MailMate proved that power users prefer Markdown composition over traditional rich text editors. Markdown is plain text: versionable, greppable, portable. It converts to well-structured HTML with predictable output. The alternative, authoring mutable HTML directly, is far more complex and produces worse HTML.

The compose UI is an inline-rendered Markdown source editor. Markdown delimiters remain real document characters, but the editor styles recognized spans in place: *text* looks italic, **text** looks bold, code spans use monospace styling, and strikethrough is shown inline. Deleting still deletes the real Markdown characters first, so removing a closing * turns the span back into literal Markdown source instead of mutating hidden HTML state.

MIME strategy

Outgoing email uses multipart/alternative with text/plain (the Markdown source) and text/html (the rendered output). Recipients with plain-text clients see readable Markdown. Recipients with HTML clients see formatted content. Attachments wrap the alternative part in multipart/mixed. This is standard RFC 2046 structure, understood by every mail client.

Preserving the Markdown source as the plain text part is a deliberate choice. Most rich text editors generate garbage text/plain parts by stripping HTML tags.

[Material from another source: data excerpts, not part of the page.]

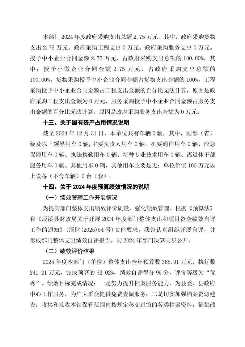 2024年度辰溪县档案馆部门整体支出绩效自评报告.docx
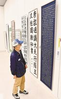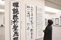 ほかにも伸びやかさや格調高さを醸し出そうと筆を走らせた高校生の力作に、来場者が見入っている。(増田枝里子)
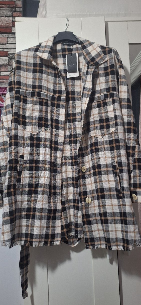 Düğmeli, uzun kollu, uzun elbsie boy ekose desenli kahverengi tonlarında kadın gömlek. Bol kesim ve notlu yaka detaylı, günlük kullanıma uygun. Kemer detayına sahiptir. 0 hiç kullanılmamıştır. Etiketli üründür. Eur 36 Usa S bedendir.
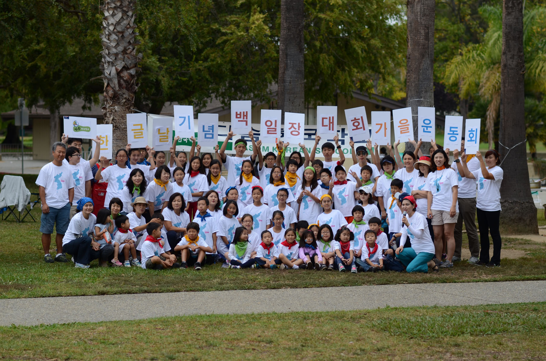 지난 10월 10일 오전 9시부터 569돌 한글날 기념 백일장 및 운동회가 Sunnyvale에 있는 Las Palmas Park에서 개최되었습니다. 여름 방학 동안 교사회의를 통하여 백일장 및 운동회 준비를 해 왔습니다. 학교와 가까운 공원을 답사하여 학생들이 안전하고 즐겁게 지낼 수 있는 공원을 선택하였고 백일장 방법, 제목 등을 의논하고 운동회 때에 할 게임과 준비물, 그리고 안전 사고 방지에 관한 논의도 계속 하였습니다. 선생님들이 모여서 100개의 콩주머니를 일일히 손으로 만들었는데 콩만 넣으면 아플 수 있어서 메밀 껍질을 반씩 섞어서 만들기로 하였습니다.
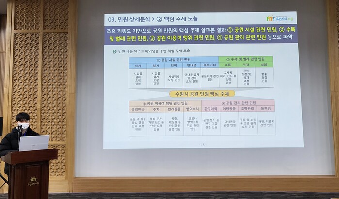 이날 발표한 분석 결과는 공공빅데이터 청년 인턴 분석과제인 ‘수원시 공원민원 분석’과 ‘지역 상권 분석’, 수원시 빅데이터 플랫폼을 활용한 ‘인구 및 출생아 예측’, 과학기술정보통신부 스마트 치안 플랫폼 구축 사업으로 진행한 ‘수원시 스마트 치안 분석’등 4개다.

Here the plain text part is the original authored content and reads naturally on its own.

Borrowed: pulldown-cmark

pulldown-cmark is a Rust crate implementing CommonMark with GFM extensions (tables, strikethrough, task lists). It parses email-length text in sub-millisecond time and is widely used across the Rust ecosystem. The send pipeline calls it from Rust to generate the final HTML alternative. The browser editor may use a separate Markdown parser for inline styling, but the Rust renderer is authoritative for outgoing MIME.

Draft lifecycle via JMAP

Drafts are real JMAP Email objects with the $draft keyword, stored on the server via Email/set. This means drafts sync across devices automatically with no additional infrastructure. The compose session operates on local state and periodically saves to the server. Sending uses EmailSubmission/set, whose onSuccessUpdateEmail argument can request the server-side update that clears or moves the draft after successful submission.

What we don't build

No HTML source editing and no hidden rich-text document model. Formatting commands insert or remove Markdown markers around the selected source text; they do not create HTML nodes. This is a deliberate constraint that keeps composition portable and the output clean. Users who need pixel-perfect HTML email formatting are not the target audience.